The role of oxygen in CuInSe2 thin films and CdS/CuInSe2 devices

Abstract The solar cell device CdS/CuInSe2 has been shown to require a post-treatment in air at about 200 °C to reach its state-of-the-art efficiency of close to 11%. We have shown that treating the device in a solution of chemical oxidants has the same effect as the annealing in air. The results of oxidation can be reversed by treating the device in a solution of a reducing agent (hydrazine). Several experimental techniques were employed to show that the oxidation process, whether it is chemical or air annealing, serves to introduce oxygen into the CuInSe2 whereas the reduction process serves to remove it. The acceptance of oxygen depends on the stoichiometry of CuInSe2, and in turn affects the electrical properties.
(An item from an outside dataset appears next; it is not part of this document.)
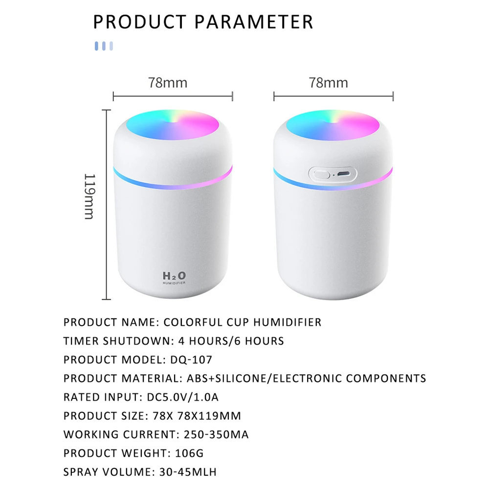 ● Романтический Ночной светильник: Нажмите кнопку, чтобы изменить цвет, удерживайте кнопку, чтобы выключить светильник, не влияя на туман
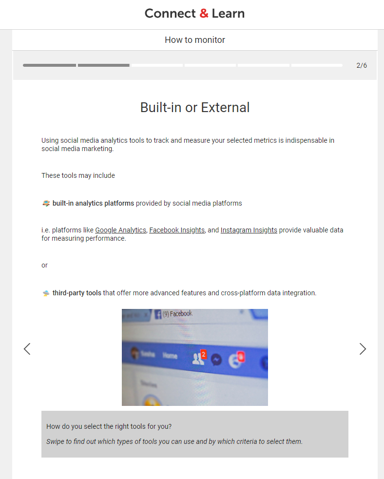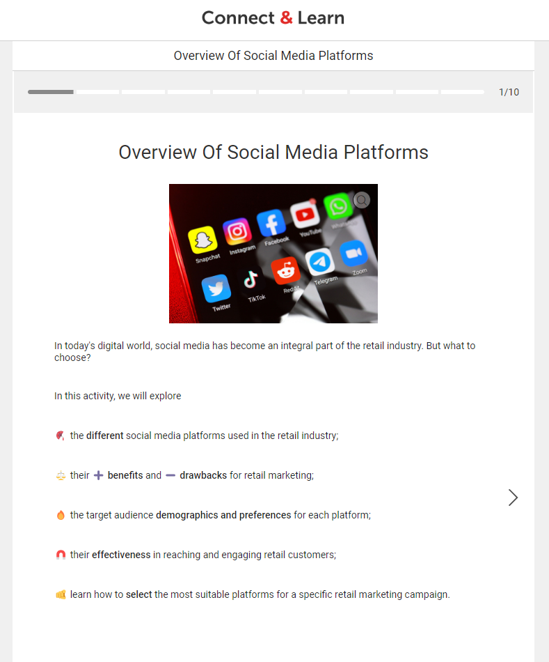 Met de hapklare en praktijkgerichte e-learningcursus ‘How to Ace Social Media Marketing’ op het nieuwe RetailDetail Connect&Learn-platform leer je de kennis en vaardigheden om het rendement van je inspanningen effectief te meten, te analyseren en te verbeteren. Je leert doelgerichte plannen te maken en acties uit te werken, op maat van wat je met je merk wil bereiken.

It is this interdependence between stoichiometry and the incorporation of oxygen which determines the extent of improvement in the CdS/CuInSe2 performance. We have also shown that the oxygen in the CuInSe2 can be dislodged from the CuInSe2 material upon exposure to an electron beam. We present electron beam induced current measurements on the CdS/CuInSe2 and argue that the oxygen is being partially removed from the CuInSe2 layer by the electron beam and hence show a buried homojunction rather than the expected heterojunction. Finally, we demonstrate how we can use the role of oxygen in this material to improve the electrical properties of the CuInSe2 thin film and the performance of the CdS/CuInSe2 device.